• What you need to do:
Within the lines below, the span from the line with "冷酸灵 牙刷 炭黑净爽 软毛 2支*2套(颜色随机)" to the line with "Футболка из коллекции", both ends included, is to be reproduced exactly, with pictures omitted.

• Dataset records:
>>>

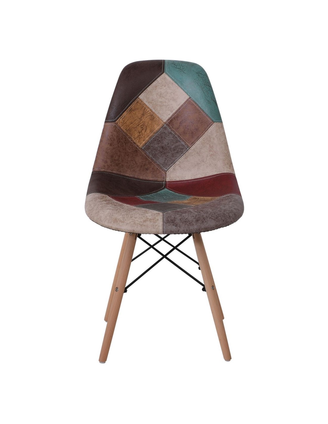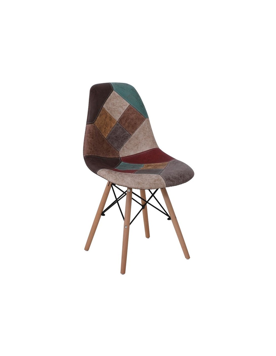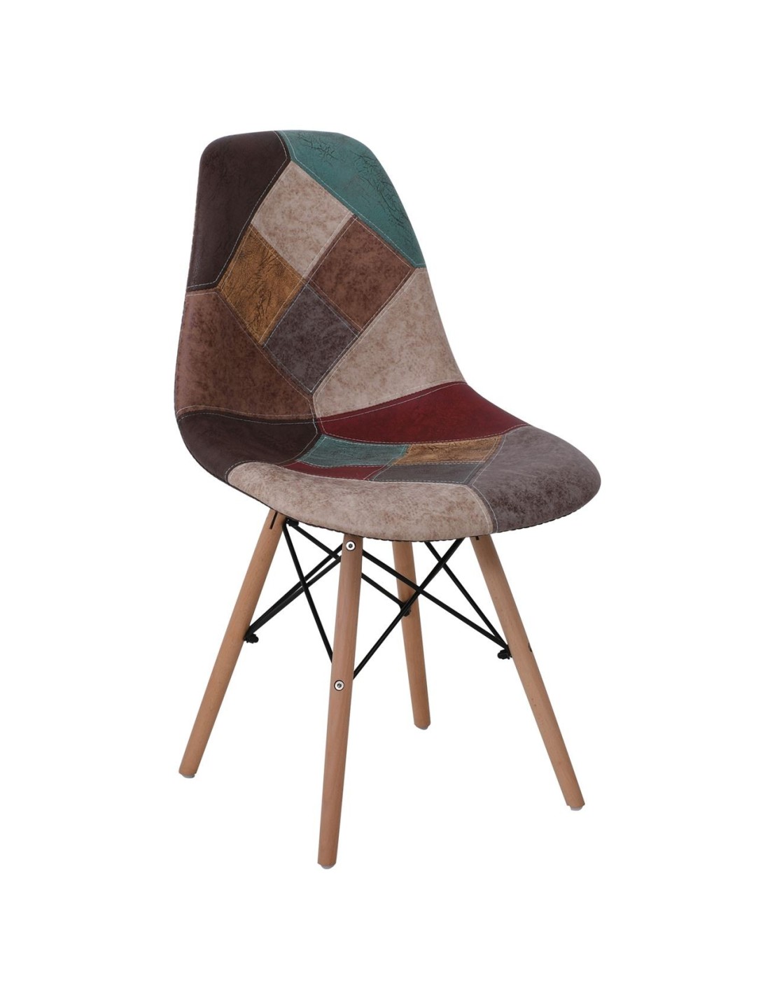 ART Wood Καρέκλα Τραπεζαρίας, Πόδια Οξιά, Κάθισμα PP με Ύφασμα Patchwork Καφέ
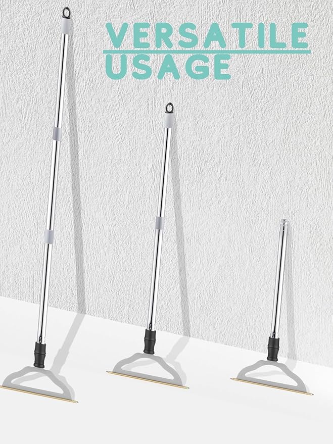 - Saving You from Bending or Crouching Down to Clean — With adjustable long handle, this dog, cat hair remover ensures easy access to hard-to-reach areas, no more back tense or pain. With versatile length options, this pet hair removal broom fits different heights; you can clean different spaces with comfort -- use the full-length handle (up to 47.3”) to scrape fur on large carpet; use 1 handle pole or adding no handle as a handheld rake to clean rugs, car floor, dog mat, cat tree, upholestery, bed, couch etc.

<<<
>>>

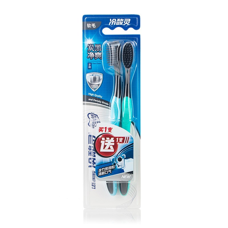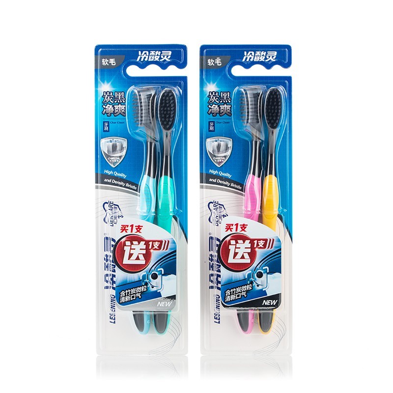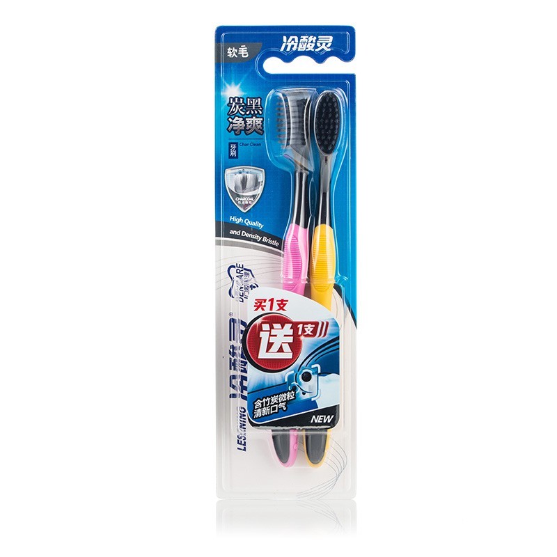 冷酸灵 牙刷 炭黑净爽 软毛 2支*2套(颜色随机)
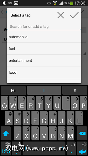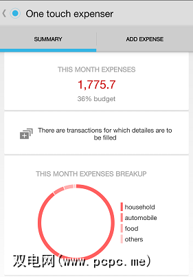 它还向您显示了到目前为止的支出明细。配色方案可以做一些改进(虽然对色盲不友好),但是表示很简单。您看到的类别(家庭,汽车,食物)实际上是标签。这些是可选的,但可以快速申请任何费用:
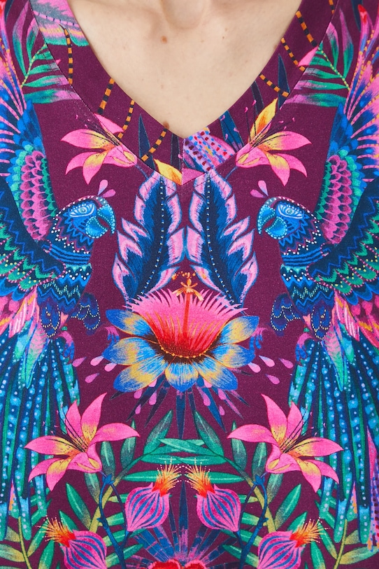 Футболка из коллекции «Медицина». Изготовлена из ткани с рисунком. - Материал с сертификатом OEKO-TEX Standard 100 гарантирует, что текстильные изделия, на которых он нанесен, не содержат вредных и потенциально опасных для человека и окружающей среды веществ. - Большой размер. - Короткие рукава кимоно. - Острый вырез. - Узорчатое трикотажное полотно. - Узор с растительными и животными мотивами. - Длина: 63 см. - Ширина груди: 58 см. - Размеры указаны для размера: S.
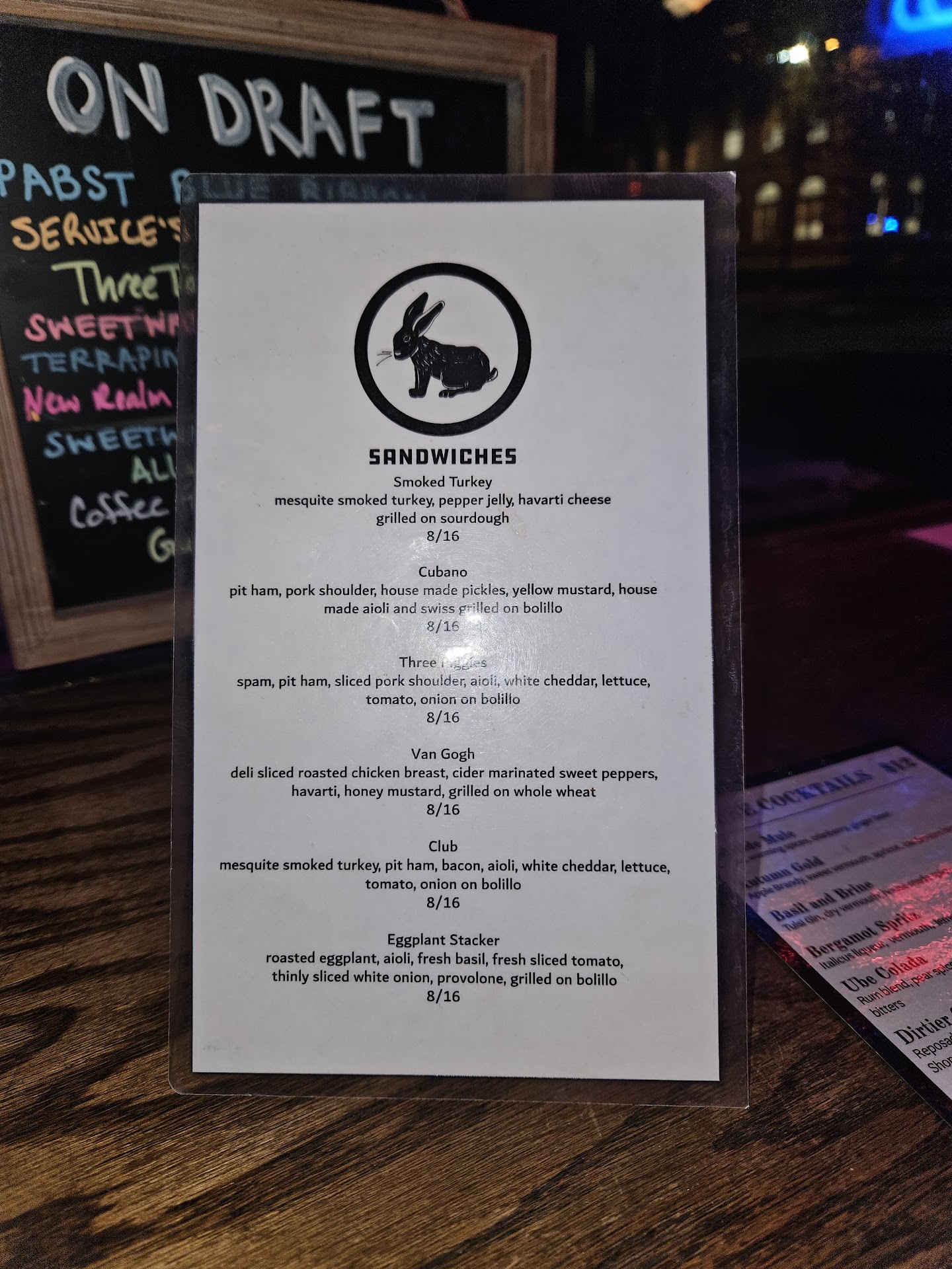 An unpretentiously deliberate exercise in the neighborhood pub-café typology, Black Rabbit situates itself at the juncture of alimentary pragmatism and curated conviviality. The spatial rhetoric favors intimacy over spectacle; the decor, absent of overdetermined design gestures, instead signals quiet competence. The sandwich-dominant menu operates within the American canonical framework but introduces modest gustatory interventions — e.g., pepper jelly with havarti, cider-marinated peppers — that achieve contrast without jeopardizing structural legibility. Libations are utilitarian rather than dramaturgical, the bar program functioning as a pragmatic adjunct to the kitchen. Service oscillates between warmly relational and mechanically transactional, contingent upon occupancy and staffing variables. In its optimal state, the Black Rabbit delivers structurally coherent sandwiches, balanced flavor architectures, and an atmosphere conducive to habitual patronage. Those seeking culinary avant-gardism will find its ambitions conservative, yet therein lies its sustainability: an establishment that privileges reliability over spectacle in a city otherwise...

<<<

• Written solution:
 冷酸灵 牙刷 炭黑净爽 软毛 2支*2套(颜色随机)
 它还向您显示了到目前为止的支出明细。配色方案可以做一些改进(虽然对色盲不友好),但是表示很简单。您看到的类别(家庭,汽车,食物)实际上是标签。这些是可选的,但可以快速申请任何费用:
 Футболка из коллекции «Медицина». Изготовлена из ткани с рисунком. - Материал с сертификатом OEKO-TEX Standard 100 гарантирует, что текстильные изделия, на которых он нанесен, не содержат вредных и потенциально опасных для человека и окружающей среды веществ. - Большой размер. - Короткие рукава кимоно. - Острый вырез. - Узорчатое трикотажное полотно. - Узор с растительными и животными мотивами. - Длина: 63 см. - Ширина груди: 58 см. - Размеры указаны для размера: S.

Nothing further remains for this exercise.